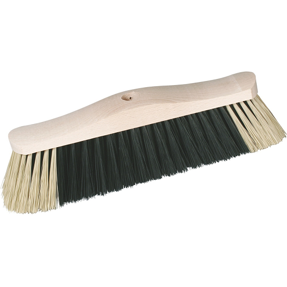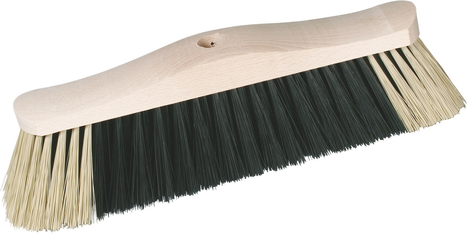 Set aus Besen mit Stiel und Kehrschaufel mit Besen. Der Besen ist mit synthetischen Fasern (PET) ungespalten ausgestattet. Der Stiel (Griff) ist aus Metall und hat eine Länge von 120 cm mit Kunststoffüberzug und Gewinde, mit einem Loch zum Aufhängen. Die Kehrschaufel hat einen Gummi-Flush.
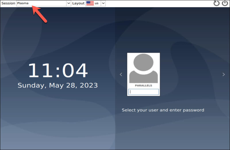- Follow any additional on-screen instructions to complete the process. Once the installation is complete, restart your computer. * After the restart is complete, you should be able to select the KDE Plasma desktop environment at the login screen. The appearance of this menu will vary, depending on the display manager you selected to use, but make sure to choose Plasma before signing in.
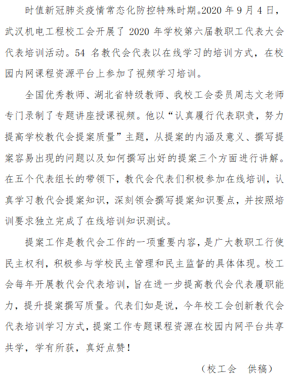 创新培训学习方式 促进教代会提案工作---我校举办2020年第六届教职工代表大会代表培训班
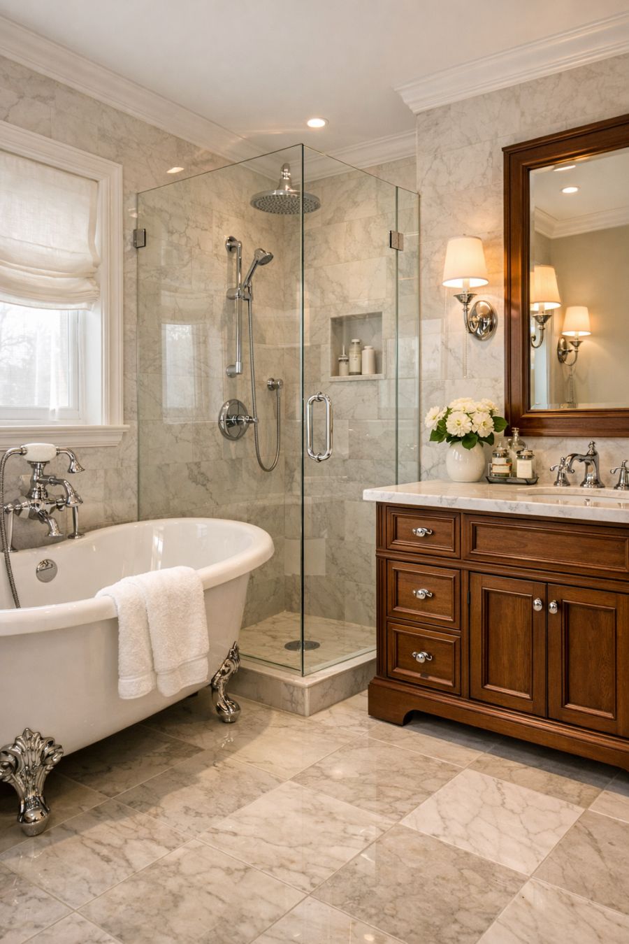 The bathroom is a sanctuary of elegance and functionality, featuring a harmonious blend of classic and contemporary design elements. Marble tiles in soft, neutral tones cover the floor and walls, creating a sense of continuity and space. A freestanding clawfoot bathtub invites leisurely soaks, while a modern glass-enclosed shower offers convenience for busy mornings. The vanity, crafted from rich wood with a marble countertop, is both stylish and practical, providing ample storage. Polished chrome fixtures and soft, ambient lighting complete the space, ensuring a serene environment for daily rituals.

● **Task instructions**: The material above holds pictures; copy everything else in it exactly.

● **Exercise result**:
 Set aus Besen mit Stiel und Kehrschaufel mit Besen. Der Besen ist mit synthetischen Fasern (PET) ungespalten ausgestattet. Der Stiel (Griff) ist aus Metall und hat eine Länge von 120 cm mit Kunststoffüberzug und Gewinde, mit einem Loch zum Aufhängen. Die Kehrschaufel hat einen Gummi-Flush.
- Follow any additional on-screen instructions to complete the process. Once the installation is complete, restart your computer. * After the restart is complete, you should be able to select the KDE Plasma desktop environment at the login screen. The appearance of this menu will vary, depending on the display manager you selected to use, but make sure to choose Plasma before signing in.
 创新培训学习方式 促进教代会提案工作---我校举办2020年第六届教职工代表大会代表培训班
 The bathroom is a sanctuary of elegance and functionality, featuring a harmonious blend of classic and contemporary design elements. Marble tiles in soft, neutral tones cover the floor and walls, creating a sense of continuity and space. A freestanding clawfoot bathtub invites leisurely soaks, while a modern glass-enclosed shower offers convenience for busy mornings. The vanity, crafted from rich wood with a marble countertop, is both stylish and practical, providing ample storage. Polished chrome fixtures and soft, ambient lighting complete the space, ensuring a serene environment for daily rituals.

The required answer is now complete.